▸ Task:
Below, some lines carry pictures; leave those pictures out and retype exactly the lines from the one with "Women’s Embroidered Anarkali" through the one with "TRT Spor ve".

▸ Data for processing:
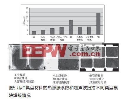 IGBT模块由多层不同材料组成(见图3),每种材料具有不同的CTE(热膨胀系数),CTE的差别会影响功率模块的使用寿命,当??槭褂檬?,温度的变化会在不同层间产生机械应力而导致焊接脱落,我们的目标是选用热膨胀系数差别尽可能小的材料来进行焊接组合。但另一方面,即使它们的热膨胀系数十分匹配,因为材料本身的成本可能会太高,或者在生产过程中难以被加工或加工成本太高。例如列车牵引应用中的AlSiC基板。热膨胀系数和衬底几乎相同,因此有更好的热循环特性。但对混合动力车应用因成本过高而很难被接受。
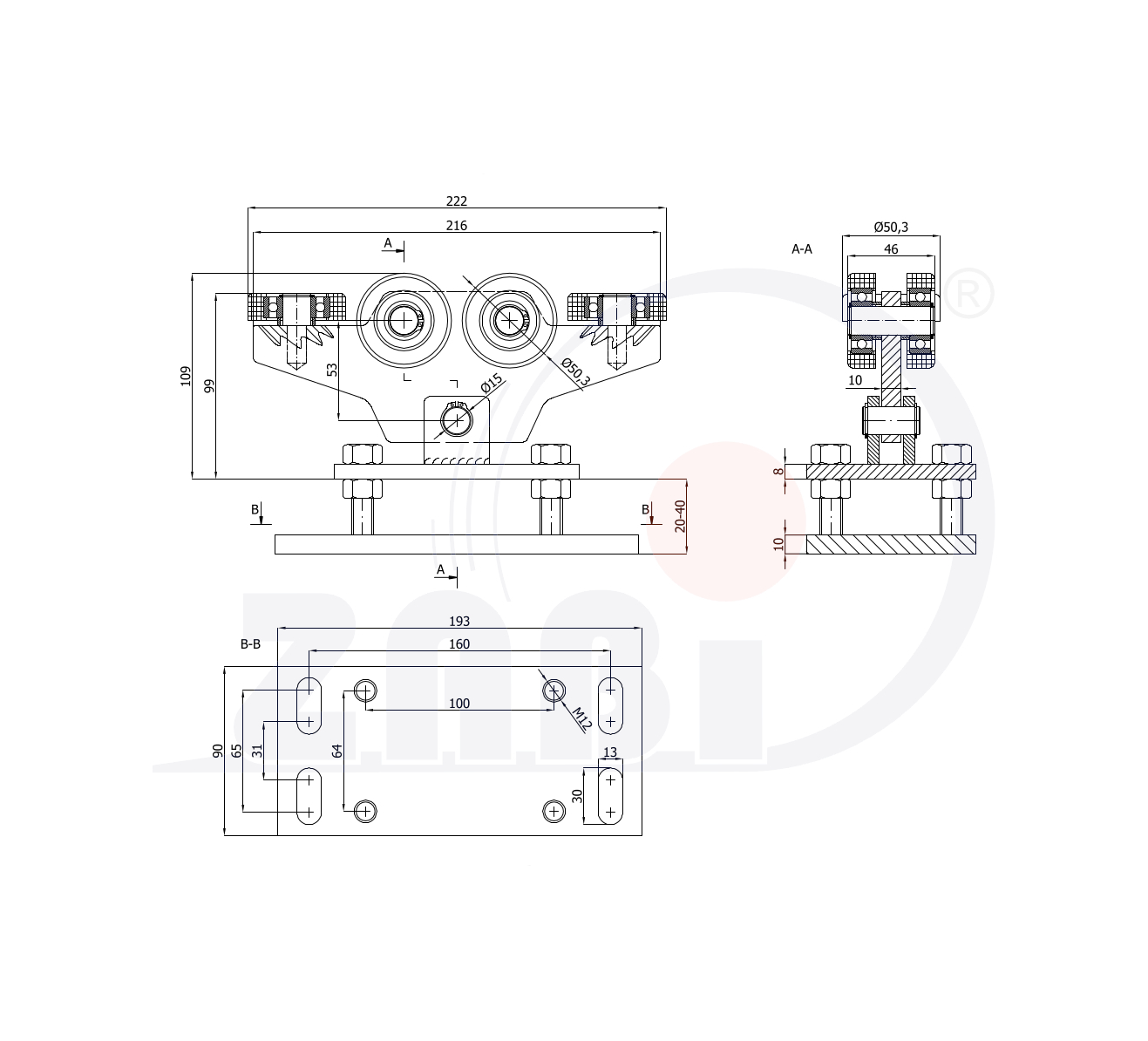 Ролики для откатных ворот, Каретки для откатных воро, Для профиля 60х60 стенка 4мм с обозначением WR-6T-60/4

==

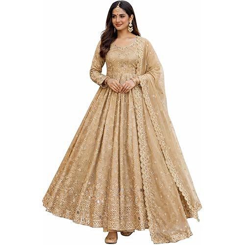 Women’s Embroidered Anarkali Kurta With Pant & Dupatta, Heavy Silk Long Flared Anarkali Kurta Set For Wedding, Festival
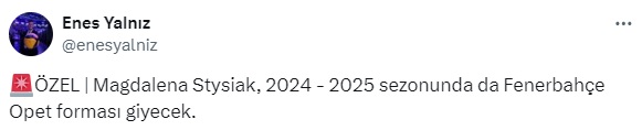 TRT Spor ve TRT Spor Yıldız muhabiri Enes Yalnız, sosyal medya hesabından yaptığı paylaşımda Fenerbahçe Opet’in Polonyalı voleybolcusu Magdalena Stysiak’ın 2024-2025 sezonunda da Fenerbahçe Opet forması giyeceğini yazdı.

...

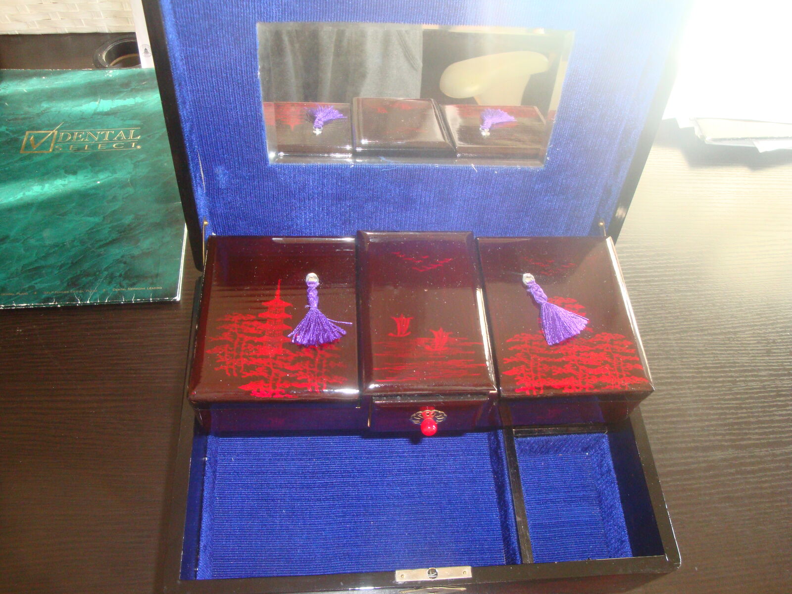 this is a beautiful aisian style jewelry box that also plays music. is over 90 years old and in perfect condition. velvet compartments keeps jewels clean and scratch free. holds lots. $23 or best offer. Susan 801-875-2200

▸ Completed task:
 Women’s Embroidered Anarkali Kurta With Pant & Dupatta, Heavy Silk Long Flared Anarkali Kurta Set For Wedding, Festival
 TRT Spor ve TRT Spor Yıldız muhabiri Enes Yalnız, sosyal medya hesabından yaptığı paylaşımda Fenerbahçe Opet’in Polonyalı voleybolcusu Magdalena Stysiak’ın 2024-2025 sezonunda da Fenerbahçe Opet forması giyeceğini yazdı.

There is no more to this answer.